H4: The more opinion-challenging information a news story contains, the more time the individual will spend viewing it.
This is reminiscent of a set of design principles that every practitioner is asked to follow, the Gestalt Principles. They are:
- Similarity
- Continuation
- Closure
- Proximity
- Figure and ground
The above principles can be interpreted to fit the current context. Humans generally try to find similarity in information to perceive information. They also always form a mental model about most subjects and task which they try and associate to the real world. In the current context, this can be related to the first hypothesis which is reaffirmed by the cognitive dissonance theory as well. Humans have the tendency to see continuity in information, even when it might not inherently exist. This is along the same lines of thought of hypothesis 3a where the influence of opinion-reinforcing information is assumed to have more influence than opinion-challenging ones. The fact that humans always try to find closure, which I would link to trying to read between the lines, is reflected in the fourth hypothesis as people generally want to know the whole story just so that they can twist it to their own narrative when necessary. The second hypothesis can be directly linked to proximity and figure and ground, in a way could be said to map to the third hypothesis as we always see what we want to as the figure and dissociate the rest to be the ground.
In general, when I try and dissect the paper there are few queries that I am left with.
- Why were the subjects not allowed to go back once their answers were submitted on a page? Would it not reveal that a participant is disinterested in going with the fact that the paper states is a dichotomous variable?
- What was the rationale with the 15 minutes? Since the entire study was carefully planned out, was there a test done to determine the time allotment for the participants?
- With the demographics of the audience as a definite skewing factor on the user data, why was no matching conducted to normalize the data to make it more representative?
A few supporting theories that I was reminded of was Group Thinking.
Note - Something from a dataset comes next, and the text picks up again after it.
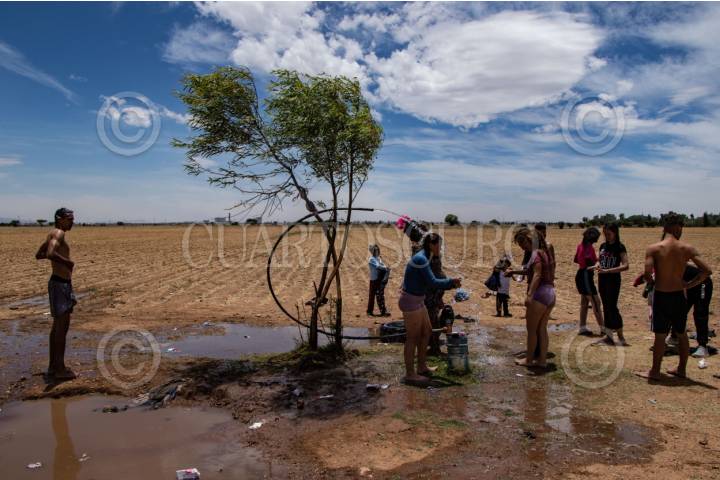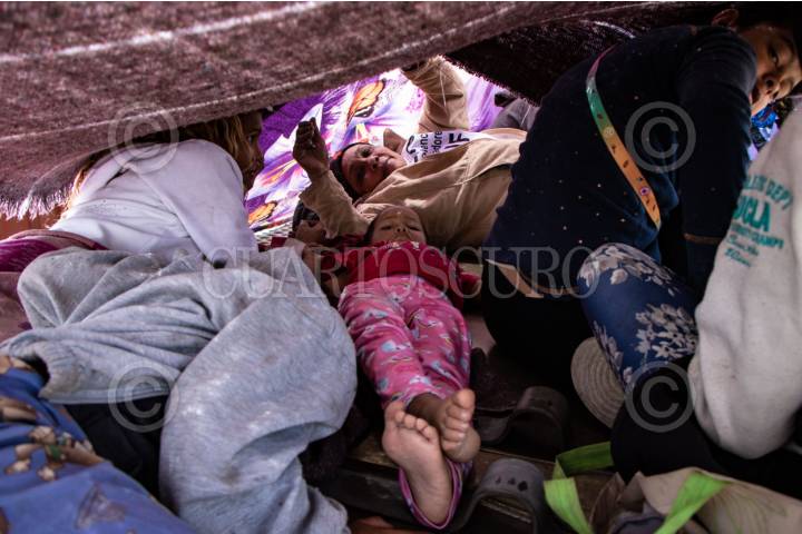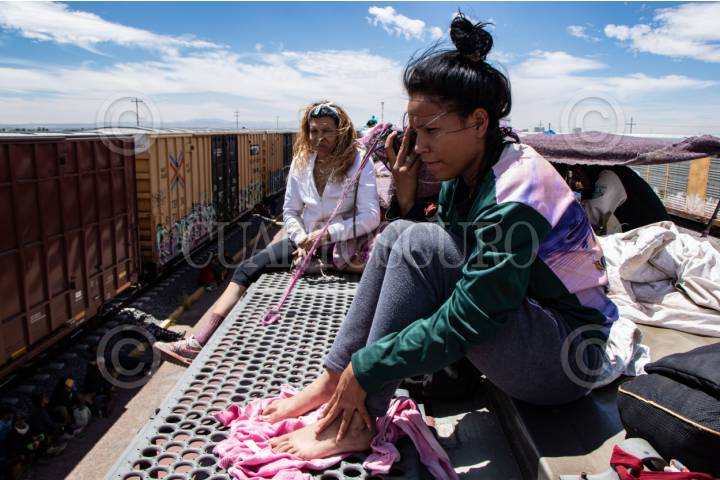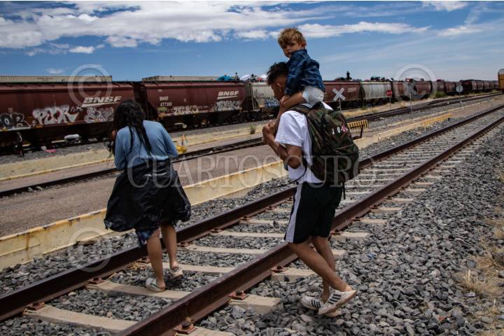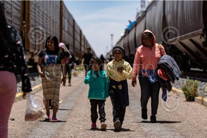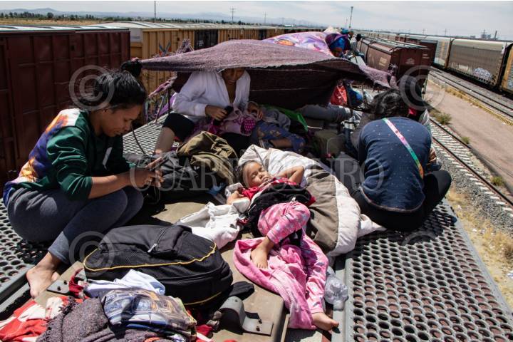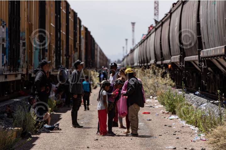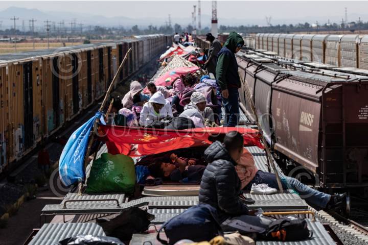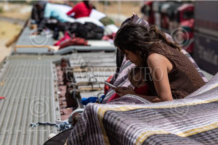 ENRIQUE ESTRADA, ZACATECAS, 02MAYO2024.- Alrededor de mil quinientos migrantes, entre niños, mujeres y hombres de diferentes países como Venezuela, Colombia, Ecuador y Centroamérica; quedaron varados a la altura de la comunidad de Ramón López Velarde. Los migrantes viajaban en dos trenes, el primero montado por aproximadamente 300 personas paró en el lugar desde el medio día de ayer; y esta mañana, muy temprano, llegó otro con arriba de mil personas, por lo que se integraron en uno solo y sin saber cuando continuarían con el recorrido al norte del país. En sus estancia en el lugar, personas de grupos solidarios llevaron alimentos, medicinas y agua; además de que los ejidatarios de la zona abrieron los pozos para que algunos pudieran asearse en la espera. Desde el día de ayer, a la entrada de la zona conurvada, Guadalupe-Zacatecas, se instaló una "unidad de migración" por parte del Instituto Nacional de Migración; esta mañana en ese lugar se intentó bajar a la fuerza las personas que iban montados en La Bestia, aunque lograron permanecer en la misma, varios de ellos fueron golpeados por elementos del INM. FOTO: ADOLFO VLADIMIR /CUARTOSCURO.COM

This was presented in a book by Irving Janis in 1982 where the idea of an individual being overridden by that of the group is explained. It is relevant here as this explains how some people might be so involved in thinking in a particular way that even if they genuinely believe in an article that is opinion-challenging they just might not go with it. Another one is the paper by Z. Kunda on Motivated Reasoning. Here the author talks about how people just search for things that confirm and reaffirm what they already believe rather than searching for the actual truth.
This is a good transition to the second conference panel paper which we read on diverse exposure. This is essentially a proponent of ways to ensure that we do not have selective exposure. Though most of the panel papers background is already discussed above, the suggestion of using engagement tools like ConsiderIt, Reflect and OpinionSpace are very interesting. At the end of this reading, I have a couple of questions which I am hoping to get people’s opinion on.
- Should social and news media nudge users to have diverse exposure? If yes, how much?
- Does educating people about selective exposure solve this problem?
DISCLAIMER: I ask these under the assumption that diverse exposure is good.